New legal horizons with enviro law changes

Businesses around the world are taking action on the environment because the environment is becoming big business, according to Ron Dembo, the founder and CEO of Zerofootprint, who spoke to lawyers at a Canadian Corporate Counsel Association conference in Toronto recently.

“There’s a tremendous amount of money to be made doing good,” says Dembo. “This is the new tech.”
Dembo started Zerofootprint - a company that helps businesses and consumers measure and reduce their environmental impact - two years ago because he was observing a tipping point “in the sense that business, which was traditionally sort of antagonistic to the environment, would become co-opted into the environment. And that’s clearly what’s happening now.”

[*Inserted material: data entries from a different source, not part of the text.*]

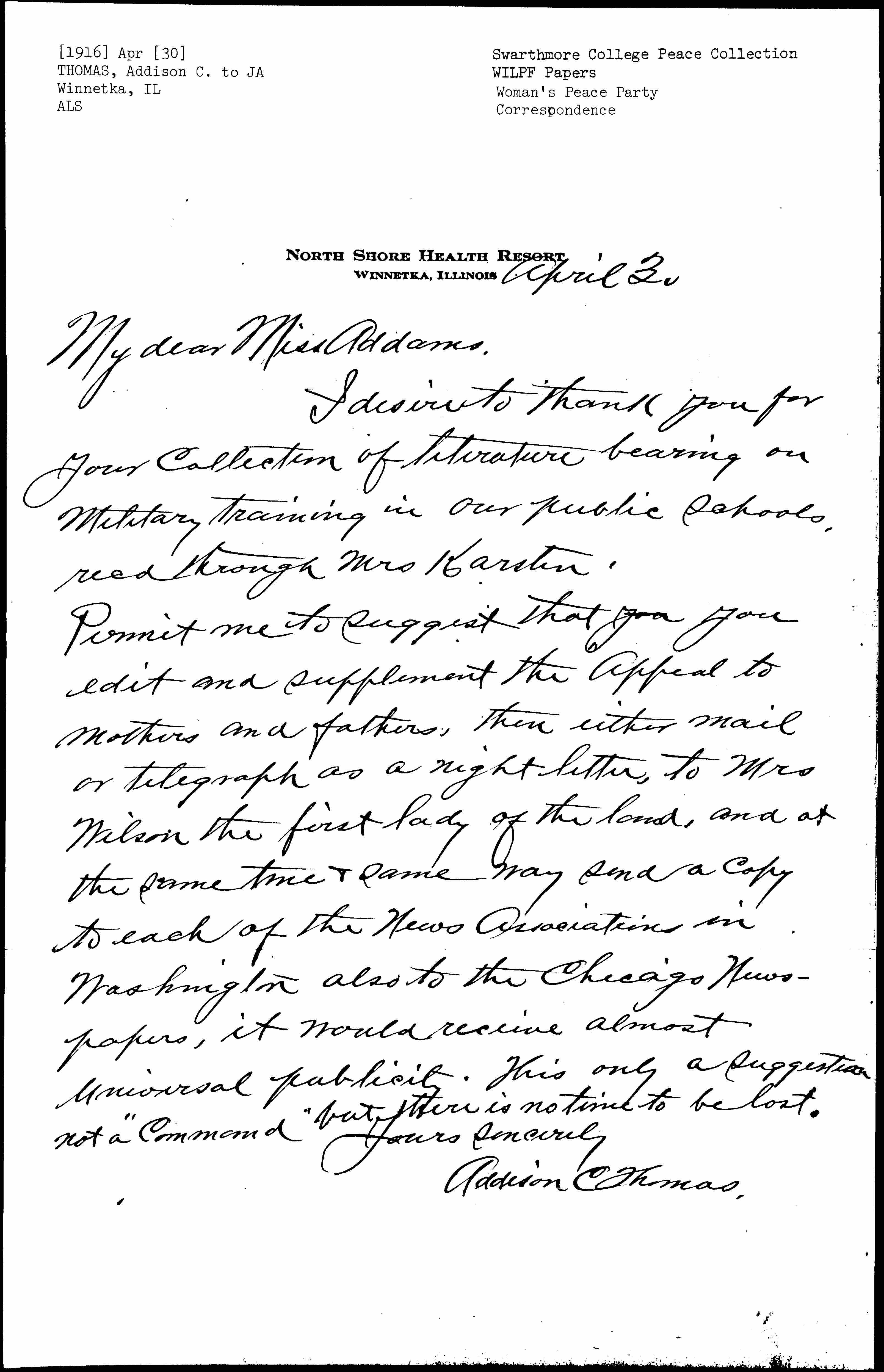 Permit me to suggest that [illegibl] you edit and supplement the appeal to mothers and fathers, then either mail or telegraph as a night letter, to Mrs Wilson the first lady of the land, and at the same time and & same way send a copy to each of the News Associations in Washington also to the Chicago Newspapers, it would receive almost universal publicity. This only a suggestion not a "Command" <but there is no time to be lost.>
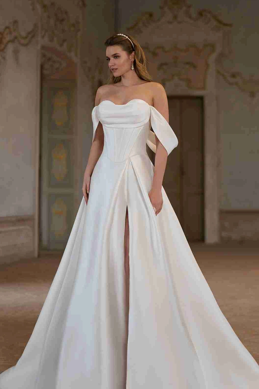 Das Modell Noor (Braut-Top) von Herve Paris ist ein modernes Oberteil aus Mikado mit einer eleganten Knopfleiste am Rücken .
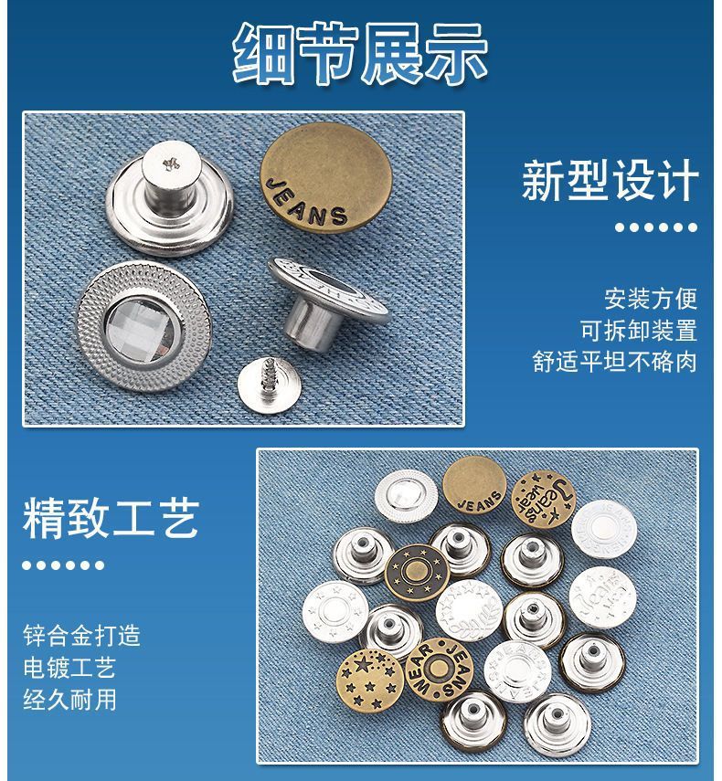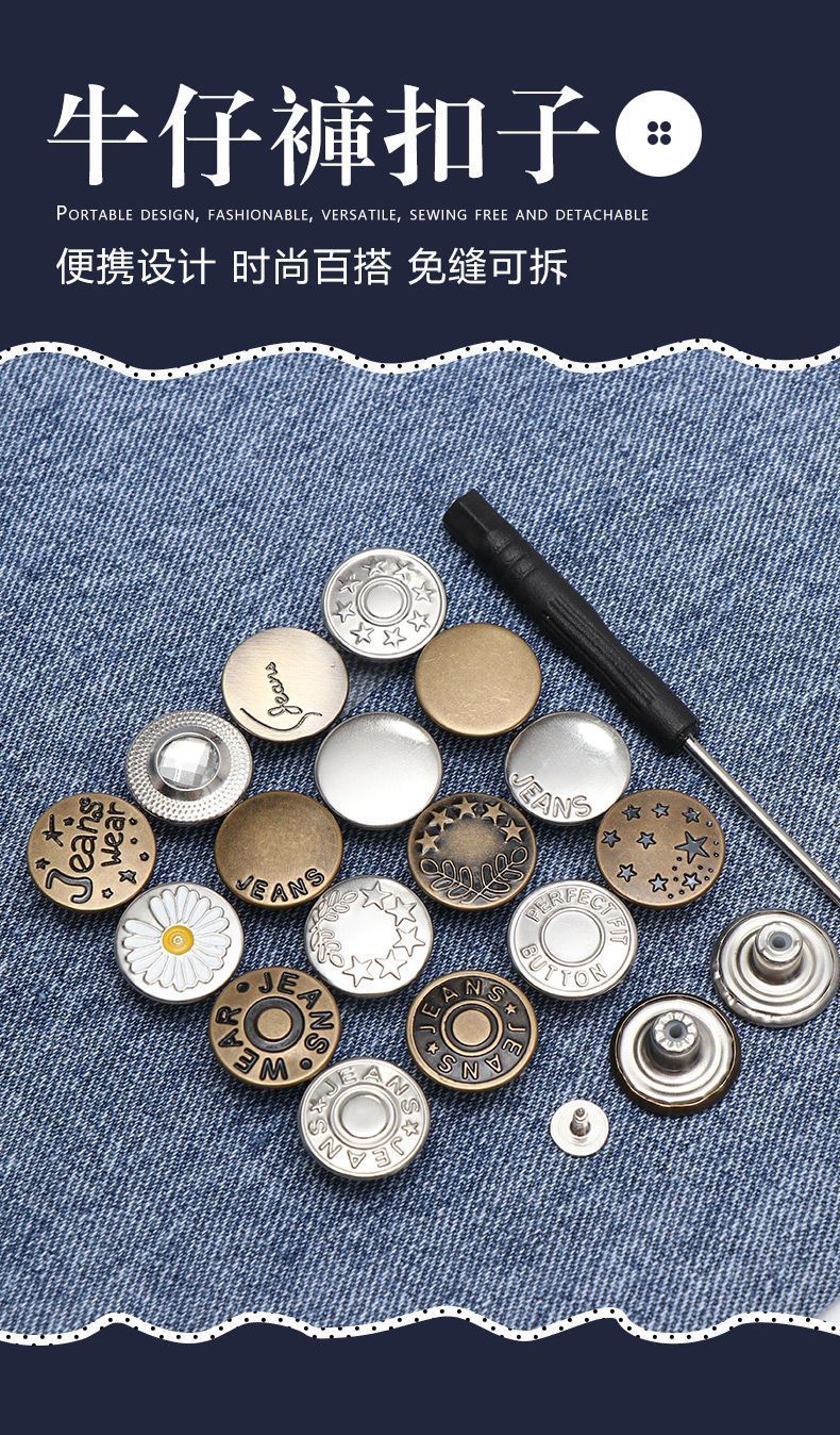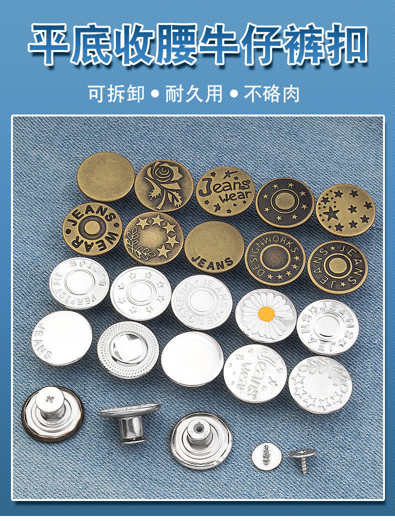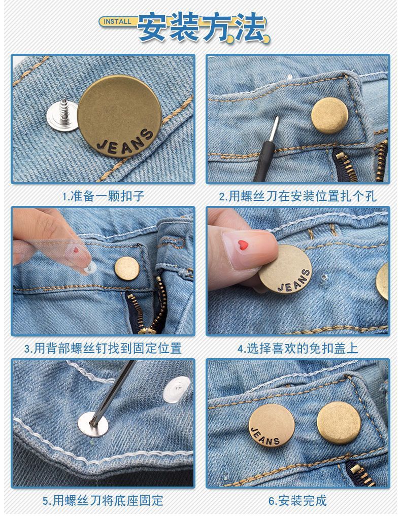 허리 버튼, 못이 없는 데님 버튼, 탈부착 가능한 바지 허리 사이즈 조절 가능, 청바지 버튼, 허리 조절 가능 버튼

“First of all, people are really believing there is a crisis, and secondly, I think business believes it really has a role, and thirdly, people are seeing they can make a lot of money doing it.

For instance, Goldman Sachs, one of the world’s largest global investment banks, began to invest in wind power two years ago and made $1.5 billion in profit from it last year, Dembo says. And today, Wal-Mart is actually doing more for the environment than Canada is.
“This is really being taken seriously now. I don’t think it’s a fad.”

Unlike other governments in Europe, and some states and cities in the United States, the Canadian government has proven slow to change and is still hedging, but businesses can change on a dime, he adds.
“Government is worried about competitiveness with other countries. For those people to get in a room and all agree is a long slow process. . . . Whereas if you look at a massive company like IBM that has a big presence in China and Canada, IBM can do a lot more quicker, and that sort of has a bigger impact across countries.”

Although many companies are changing particularly in the retail sectors where green branding is exploding, both Canadian industry and government still lag behind other countries. Take any Scandinavian country, says Dembo.

“They look very similar geographically and the mix of businesses is similar. But we are so far behind them - it’s pretty embarrassing actually. Demark has grown its economy by a very large factor and has not increased its electrical energy needs for 20 to 30 years.”
Environmental lawyers say they see some Canadian businesses changing, but only when there is a financial incentive to do so.

“Some industries are seeing that it’s wise for their bottom line and are being proactive,” says Juli Abouchar, a partner at Willms & Shier Environmental Lawyers LLP and former assistant commission counsel of the Walkerton inquiry.

“Where there are economic benefits, it’s a clear win-win. It’s a no-regrets action. Others are waiting until the Ministry of the Environment finds them.”

And even companies that seem to be on the leading edge often still lobby for or against legislation that will benefit the environment, but hurt their bottom line, says Marlene Cashin, counsel at the Canadian Environmental Law Association. “There’s still a lot of double talk going on.”

“Right now, there is a high level of awareness about environmental issues and, absolutely, business is moving smartly to look for opportunities to make money from the green consciousness,” says environmental lawyer Dianne Saxe, of Saxe Law Office. “And lots of folks, particularly in the retail businesses, are jumping to find opportunities to get some of that green for themselves.”

The manufacturing industry is also showing interest in reducing its significant energy costs through energy efficiency, she says, and manufacturers have an incentive to produce less hazardous waste because of rising disposal costs, which will spike again in Ontario when the new land disposal restrictions come into effect this summer.

“However, there are also still many cases where it’s more expensive to do the right thing. And when it’s more expensive to do the right thing, it’s a lot harder to get businesses, and for that matter individuals, to do it.”
Businesses can change quickly, but it’s up to government to set the structure and provide financial incentives, she adds.

“The system we have now favours environmentally bad behaviour.”
However, when change comes - whether it is the looming, somewhat irreversible, impacts of global warming or new laws aimed at curbing emissions - it will also change business for lawyers in many practice areas.
On April 27, the federal government announced its strategy for regulating air emissions, which will include emissions trading.

“The accountants are setting themselves up to compete with lawyers and there are lots of different kinds of lawyers who want to be doing that kind of business,” she says.
“And if there are credits that go with different activities, there will be a lot of work in terms of deciding who owns them and how you verify them and how you record them.”

The increase in catastrophes caused by global warming will also impact insurance and immigration lawyers, she notes.
And lawyers generally play an important role in making change happen because they are well educated, articulate, and have the ear of a lot of people, she says.

Dembo agrees. “Lawyers are pretty influential in almost every corporation and in almost every agency. If you think about marketing from the point of view of the tipping point, which is influence the influences, this is a good marketing place.”

“All the people [assembled at the CCCA conference] can have as much impact as a country,” he says. “In other words, they, their organizations, and all the people they touch - their kids, their kids’ teachers - form a country. And it’s an affluent country. People are not powerless to change things and they don’t have to wait for government to do it.”